To work around this, VMs such as QEMU/KVM provide several ways keep track of time whilst sacrificing little performance.
KVM_HC_CLOCK_PAIRING
This hypercall is used to get the parameters to calculate a host's clock (KVM_CLOCK_PAIRING_WALLCLOCK for CLOCK_REALTIME).
The host copies the following structure to a physical address given by the guest:
struct kvm_clock_pairing {
s64 sec;
s64 nsec;
u64 tsc;
u32 flags;
u32 pad[9];
};
A hypercall is performed with the `vmcall` instruction. On KVM, RBX, RCX, RDX and RSI are used for arguments, RAX as the hypercall number and as the return value. No other registers are clobbered (unless explicitly noted).
For example, calling KVM_HC_CLOCK_PAIRING can be done as follows on x86_64:
; rdi: physical address to copy structure to
; rsi: clock type (KVM_CLOCK_PAIRING_WALLCLOCK = 0)
kvm_hc_clock_pairing:
mov eax, 9 ; KVM_HC_CLOCK_PAIRING
mov rbx, rdi
mov rcx, rsi
vmcall
ret
pvclock
pvclock is a simple protocol and the fastest way to properly track system time in a VM.
To use it, write a 64-bit 4-byte aligned physical address with bit 0 set to 1 to MSR_KVM_SYSTEM_TIME_NEW (0x4b564d01).
The presence of this MSR is indicated by bit 3 in EAX from leaf 0x4000001 of CPUID.
The host will write the following structure to this address:
struct pvclock_vcpu_time_info {
u32 version;
u32 pad0;
u64 tsc_timestamp;
u64 system_time;
u32 tsc_to_system_mul;
s8 tsc_shift;
u8 flags;
u8 pad[2];
};
The host will automatically update this structure when necessary (e.g. when finishing a migration).

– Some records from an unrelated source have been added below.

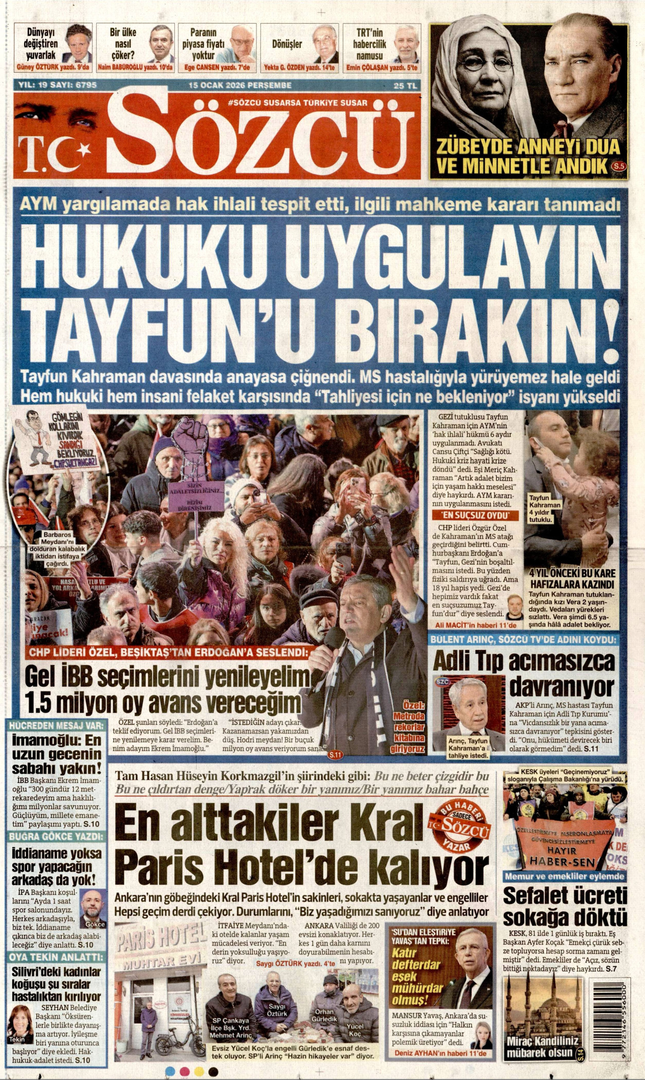 SÖZCÜ Gazetesi 15 Ocak 2026, Perşembe Günü Manşeti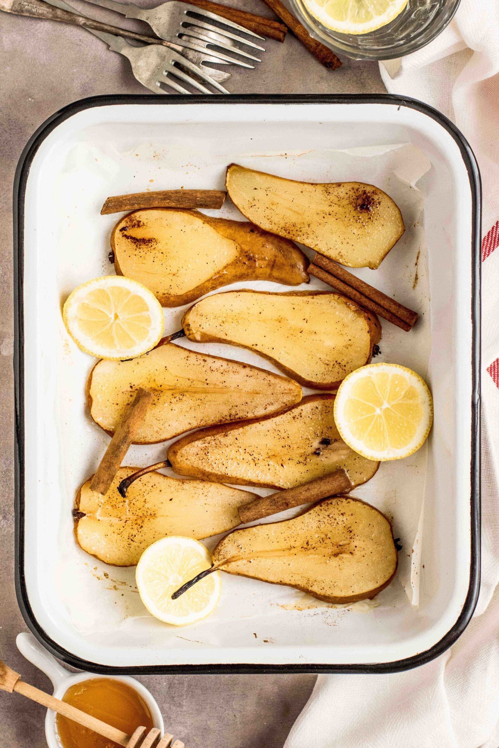 Pears contain folic acid, which is necessary for the production of serotonin, the happiness hormone. The high iron content of pears guards against anaemia. Pears are also high in vitamins and minerals, such as phosphor, which is good for your nerves. They also contain potassium, which is draining and helps to secret heavy metals and toxins that can be tied to the fruit.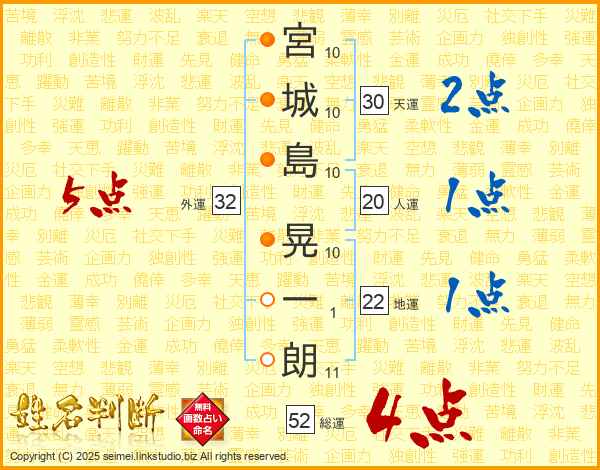 宮(10画)城(10画)島(10画) 晃(10画)一(1画)朗(11画)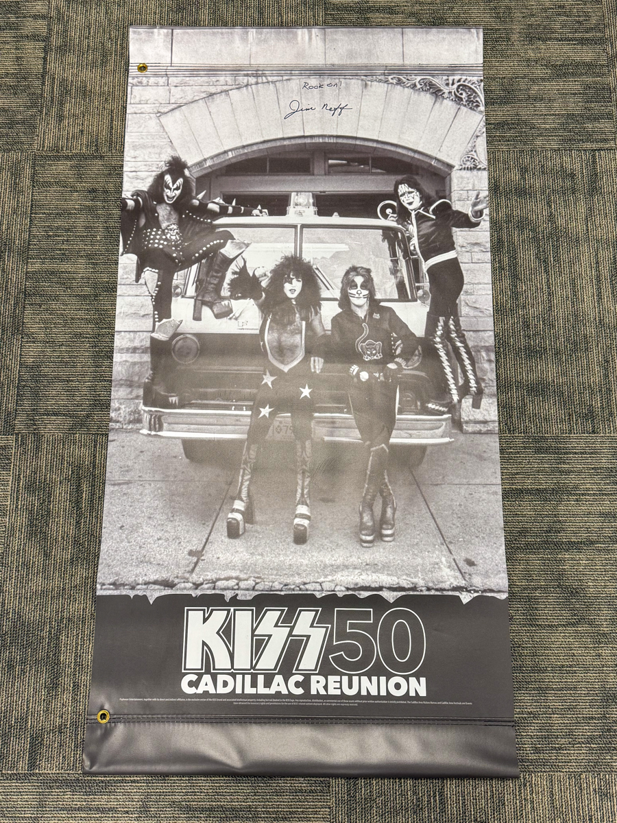 30" x 60" KISS 50th Cadillac Reunion Autographed Street Banner - KISS w/Fire Truck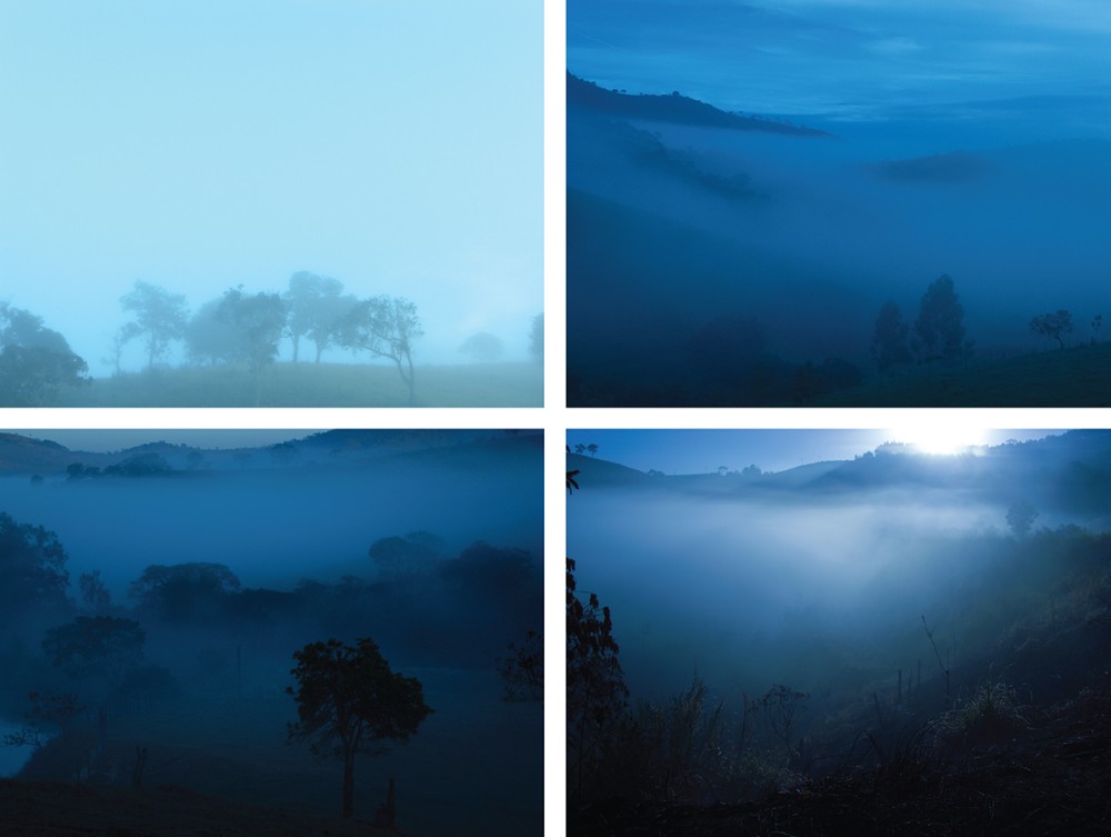 This investigation dates back to early childhood. Assumpção tells me that her mother recalls her absorption with blue hues beginning at age two. Decades later, the fascination evolved into an art practice that invited viewers to immerse themselves in blue through artworks both miniature and monumental. In Suíte Azul, she captures natural elements that open visual clearings for her audience to meditatively inhabit such spaces. Some of the landscapes in the series are photos taken in the Brazilian state of Minas Gerais. She would wake up hours before sunrise to capture a terrain that has suffered deeply from deforestation—and has also experienced regeneration at the hands of a man committed to rewilding that stretch of land, the artist’s own father. Suíte Azul stands as an ode to the power of restoring the land, one seed and one sunrise at a time.

The system time in nanoseconds is calculated as such:
time = rdtsc() - tsc_timestamp
if (tsc_shift >= 0)
time <<= tsc_shift;
else
time >>= -tsc_shift;
time = (time * tsc_to_system_mul) >> 32
time = time + system_time
The version field is used to detect when the structure has been / is being updated. If the version is odd an update is in progress and the guest must not read the other fields yet.
Hyper-V TSC page
struct ms_hyperv_tsc_page {
volatile u32 tsc_sequence;
u32 reserved1;
volatile u64 tsc_scale;
volatile s64 tsc_offset;
u64 reserved2[509];
};